Replica names are availability group names for DAG.

We may get information about direct seeding between the two availability groups in the same manner than previously:

 

select 
	ag.name as aag_name,
	ar.replica_server_name,
	d.name as database_name,
	has.current_state,
	has.failure_state_desc as failure_state,
	has.error_code,
	has.performed_seeding,
	has.start_time,
	has.completion_time,
	has.number_of_attempts
from sys.dm_hadr_automatic_seeding as has
join sys.availability_groups as ag
	on ag.group_id = has.ag_id
join sys.availability_replicas as ar
	on ar.replica_id = has.ag_remote_replica_id
join sys.databases as d
	on d.group_database_id = has.ag_db_id

 

blog 96 - 11 - WideWorldImporters

 

select 
	local_physical_seeding_id,
	remote_physical_seeding_id,
	local_database_name,
	@@servername as local_machine_name,
	remote_machine_name,
	role_desc as [role],
	transfer_rate_bytes_per_second,
	transferred_size_bytes / 1024 as transferred_size_KB,
	database_size_bytes / 1024 as database_size_KB,
	DATEADD(mi, DATEDIFF(mi, GETUTCDATE(), GETDATE()), start_time_utc) as start_time,
	DATEADD(mi, DATEDIFF(mi, GETUTCDATE(), GETDATE()), estimate_time_complete_utc) as estimate_time_complete,
	total_disk_io_wait_time_ms,
	total_network_wait_time_ms,
	is_compression_enabled
from sys.dm_hadr_physical_seeding_stats

blog 96 - 10 - WideWorldImporters

Ok let’s perform a basic test that consists in creating and inserting data into the WideWorldImporters database from each listener.

:CONNECT lst-testgrp

use [WideWorldImporters];

create table dbo.test (id int identity);
go

insert dbo.test default values;
go

:CONNECT lst-testgrp2

use [WideWorldImporters];

create table dbo.test (id int identity);
go

insert dbo.test default values;
go

 

Connecting to lst-testgrp…
(1 row(s) affected)
Disconnecting connection from lst-testgrp…

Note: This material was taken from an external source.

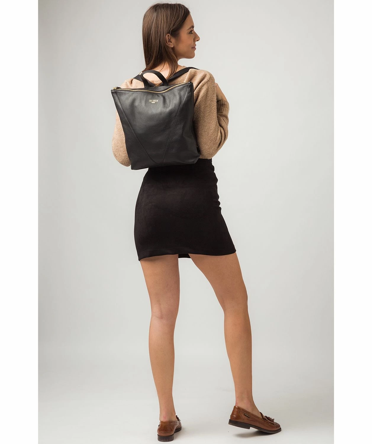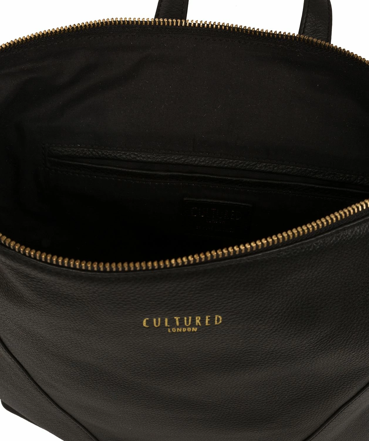 Crafted from premium nappa leather, the ‘Iiford’ backpack from Cultured London’s Eco Collection has a soft to the touch yet durable finish. This stylish accessory features an eye-catching v-shaped design on the front which is complemented by a zip-over top opening up to reveal the storage compartment with two slip pockets, lined with 100% cotton. Adorned with adjustable and matching fabric shoulder straps and a leather carry handle alongside a unique gold foil embossed Cultured London logo and leather charm.

Connecting to lst-testgrp2…
Msg 3906, Level 16, State 2, Line 14
Failed to update database “WideWorldImporters” because the database is read-only.
Msg 3906, Level 16, State 2, Line 18
Failed to update database “WideWorldImporters” because the database is read-only.
Disconnecting connection from lst-testgrp2…

Ok, as expected the availability group in DR is in READ ONLY mode. I’m not able to create or update anything from there.

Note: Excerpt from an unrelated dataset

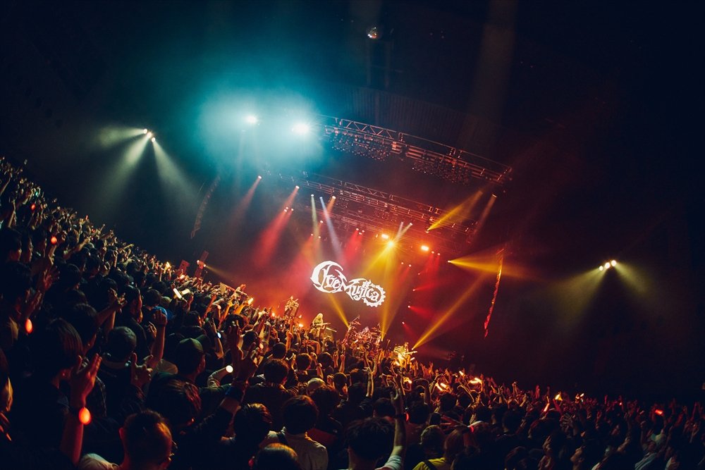 続くAve Mujicaは、ステージに姿を見せるや否や強靭な歌と演奏による「KiLLKiSS」で一気に激情的な世界観へと誘う。間髪入れずに投下された「顔」が場内の興奮を高め、「‘S/’ The Way」ではそのスケールをさらに拡張。重厚なサウンドに呼応するように多くの腕とペンライトが上がり、会場全体が演出の一部として機能する。「八芒星ダンス」では重厚かつリズミカルな展開で空気を揺らし、「Angles」では陰影のあるサウンドで奥行きを加える。さらに楽曲ごとに変化する表情や所作がステージの世界観に厚みをもたらし、視覚と聴覚の双方から引き込んだ。「Symbol II : Air」から「Sophie」へと流れる中で段階的に熱気を高め、ラストの「Symbol I : △ 」でそのイメージを鮮やかに焼き付ける。細密に組み上げられたステージングが、観る者の感覚により深く強く刻まれ、その高まりは最後まで途切れることがなかった。

Let’s perform a last test after switching over the DAG from testGrp to testGrp2. From the primary availability group:

ALTER AVAILABILITY GROUP [distributedtestGrp] FORCE_FAILOVER_ALLOW_DATA_LOSS

 

blog 96 - 13 - DAG SSMS after failover

 

This time I cannot insert data from the first availability group testGrp

Connecting to lst-testgrp…
Msg 976, Level 14, State 1, Line 2
The target database, ‘WideWorldImporters’, is participating in an availability group and is currently not accessible for queries. Either data movement is suspended or the availability replica is not enabled for read access. To allow read-only access to this and other databases in the availability group, enable read access to one or more secondary availability replicas in the group.  For more information, see the ALTER AVAILABILITY GROUP statement in SQL Server Books Online.
Disconnecting connection from lst-testgrp…

Connecting to lst-testgrp2…
(1 row(s) affected)
Disconnecting connection from lst-testgrp2…

In this blog we have introduced two new features shipped with SQL Server 2016 and availability groups. At a first glance, they seem to be pretty cool features and will extend the scope of availability group capabilities. I think we will see over time the pros and cons during our other tests and implementation at customer shops. If so, other blog posts will coming soon.

Stay tuned!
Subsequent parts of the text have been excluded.